第10話「地獄に、秩序が生まれた」
問題は、三日後に起きた。
正確には、問題が起きなくなったことが、問題だった。
ブランがスケジュールを組んだ。ノワールが執行した。セレスティア、フラム、リプレ、ヒルダが、決められた順番で、決められた時間に、決められた処置をアルトに施した。誰も喧嘩しなかった。誰も割り込まなかった。全員が粛々と、自分の担当を果たした。
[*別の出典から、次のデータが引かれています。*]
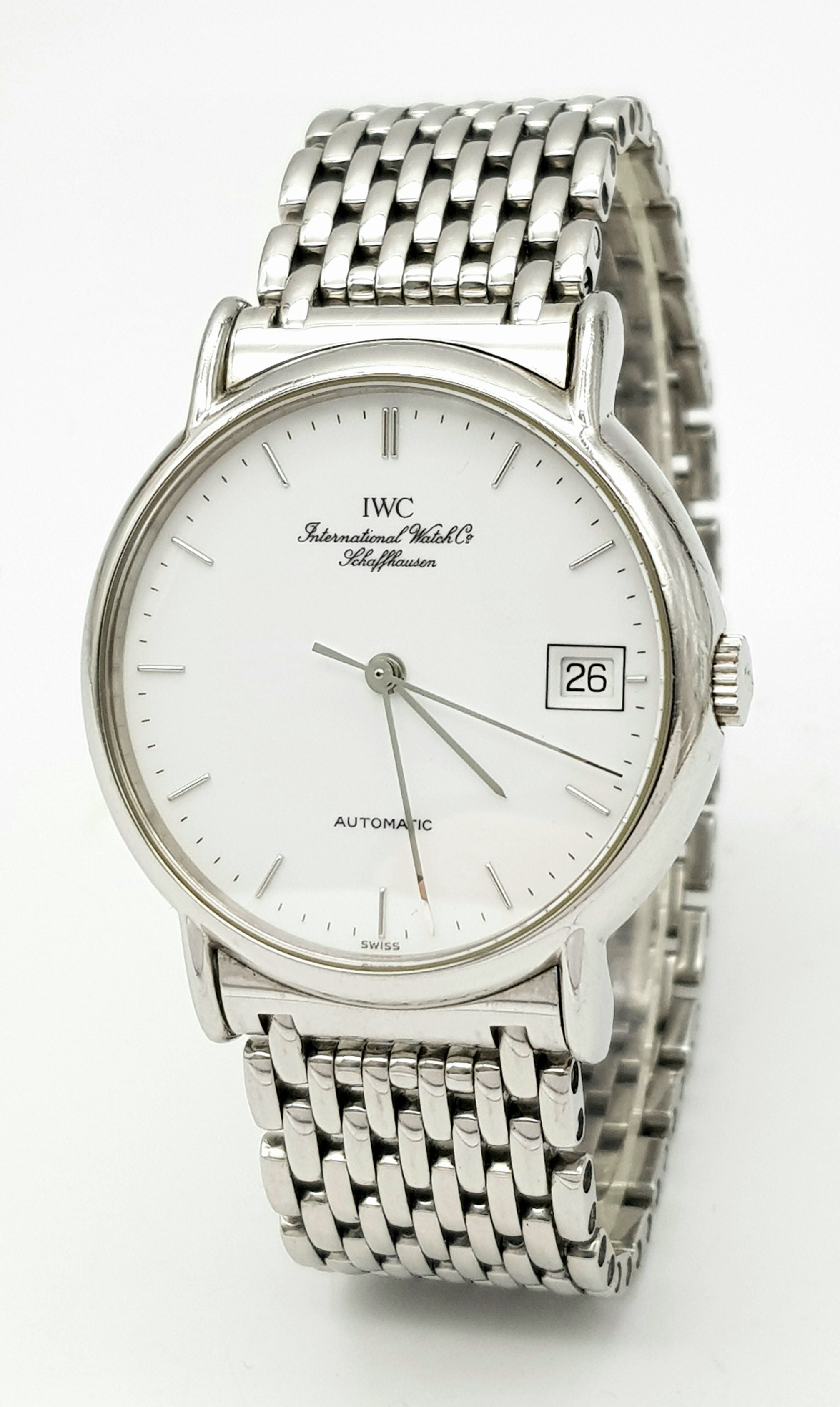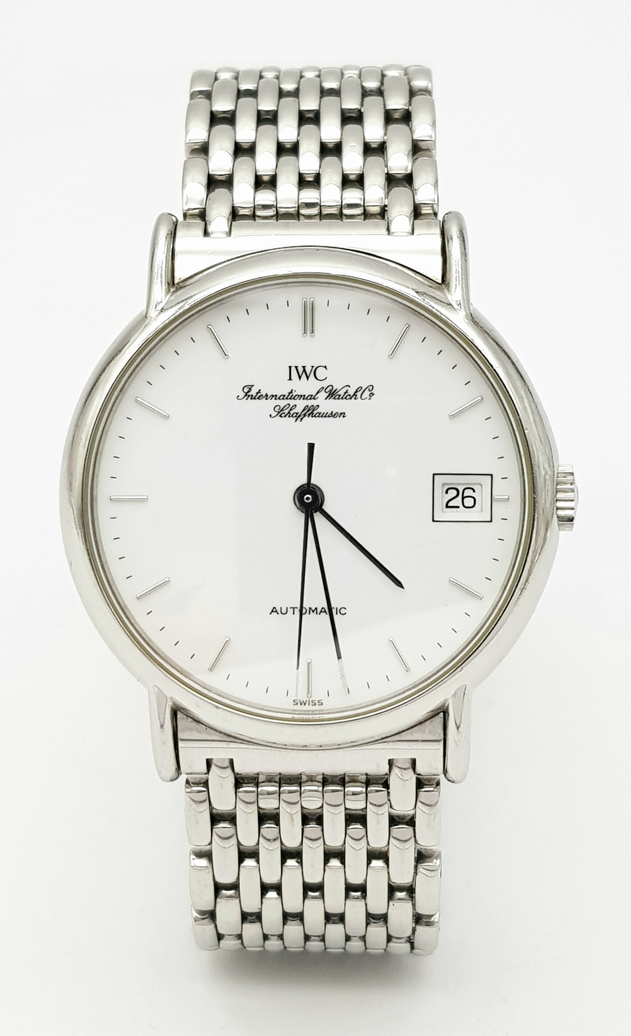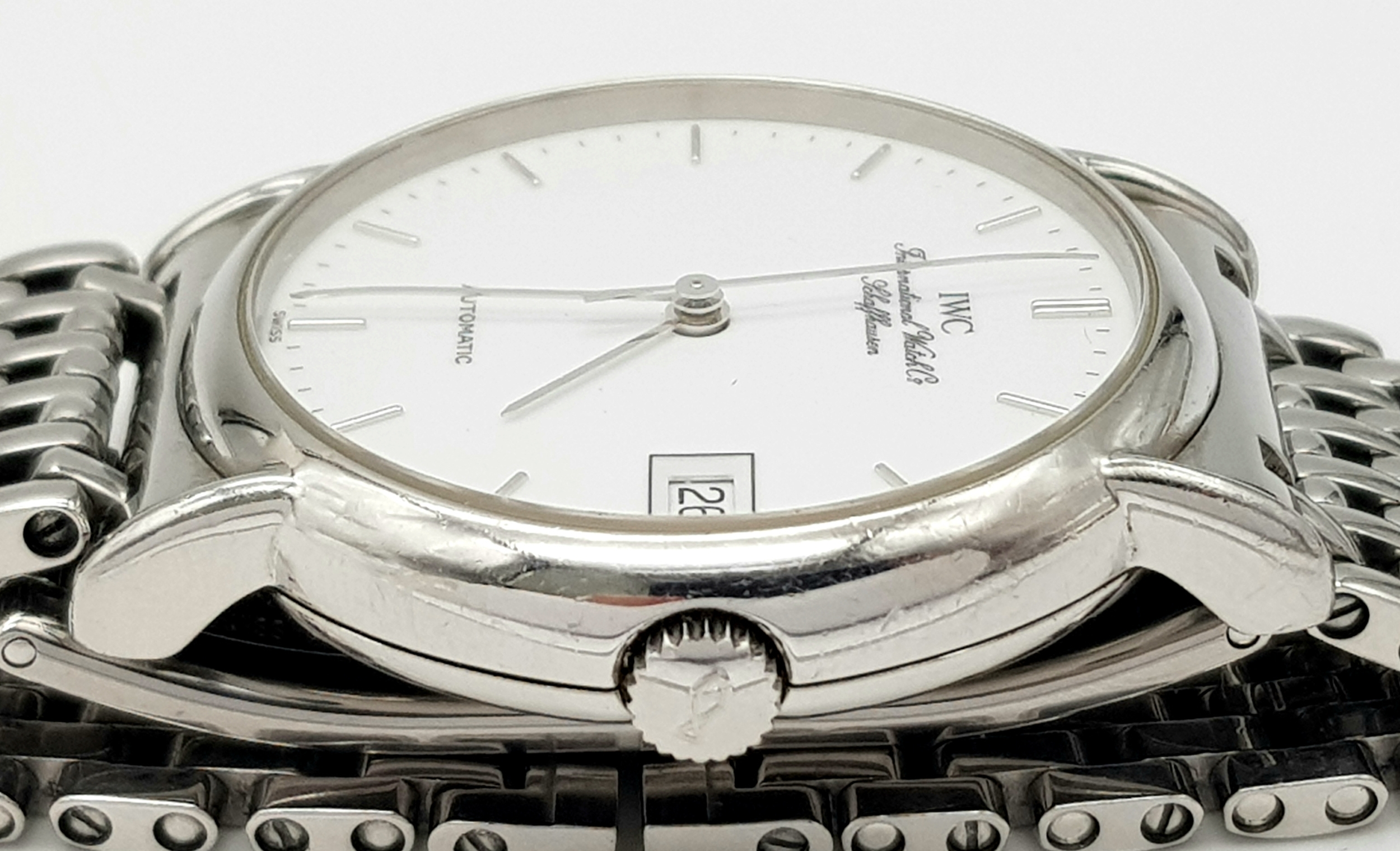 An IWC Schaffhausen Automatic Gents Watch. Stainless steel bracelet and case - 34mm. White dial with date window. In good condition and working order.

その結果、アルトに注がれる過剰バフの総量が、これまでの三倍になった。
「ちょっと待ってください」
朝の第一クールが終わった直後、アルトは口を開いた。椅子に座ったまま、全身が微妙に光っていた。ステータス画面に数値が溢れかえっていた。
「前より量、増えてませんか?」
「増えました」ブランが手帳を見ながら答えた。「以前は皆様が干渉し合って、バフの三割が相殺されていました。今は一切の無駄なくアルト様に届いています」
「無駄だった三割、必要だったんですが……」
「非効率は排除しました!!」
「非効率が最後の防波堤だったんですよ!」
ブランが微笑んだ。目は笑っていなかった。
昼の第二クールが始まった。フラムが薬液を三本、正確に投与した。リプレがアーティファクトを二個、所定の位置に装着した。ノワールがアルトの逃走経路を、音もなく塞いだ。
「逃げようとしてないですよ」
ノワールが無言でアルトを見た。
「……逃げようとしてました、すみません」
夕方の第三クール。ヒルダが鎧の中にアルトを収め、セレスティアが最後の回復魔法をかけた。ステータス画面の数値がまた跳ね上がった。防御力の欄が、四桁になっていた。
「防御力が九千超えてるんですが……」
「それは良好です」
「もはや人間の数値じゃないんですが?」
「問題ありません」
「いやいや問題しかないんですが……」
ゴードンが夕食の席でアルトの隣に座った。アルトのステータス画面を横から覗いて、黙った。しばらく黙った。
「……俺の防御力、十二だぞ」
「それは辛いですね」
「辛い。いまだに薬草一枚もらえんしな」
「もらってくださいよ、普通に……。俺の分分けてあげたいです……」
ゴードンが遠くを見た。フラムの方を見た。フラムは手帳に数値を書き込んでいて、ゴードンの視線に気づいた。目が合った。フラムが手帳を閉じた。
「練習台なら後でいくらでも!!」
「いらん!」
食堂に、束の間の平和が流れた。
アルトはスプーンを置いた。
「ブラン」
「はい?」
「このシステム、誰が考えたんですか?」
「ミラベル様ですよ」
「……やっぱり」
「三ヶ月前から設計されていたそうです」
「三ヶ月前って、僕が勇者になる前じゃないですか!?」
「ええ、その通りですわ」
「……」
「何かほかにご質問は?」
「……。もう何も聞きたくないです、教えてもらえないんでしょ?」
「はい、守秘義務がありますので」
ブランが手帳に何かを書き込んだ。静かに、丁寧に。
◇◆◇◆◇
「ふふふ、三ヶ月前の設計通りです」
ミラベルが手帳を閉じた。表紙に書かれた日付は、アルトが勇者に認定される、四ヶ月前だった。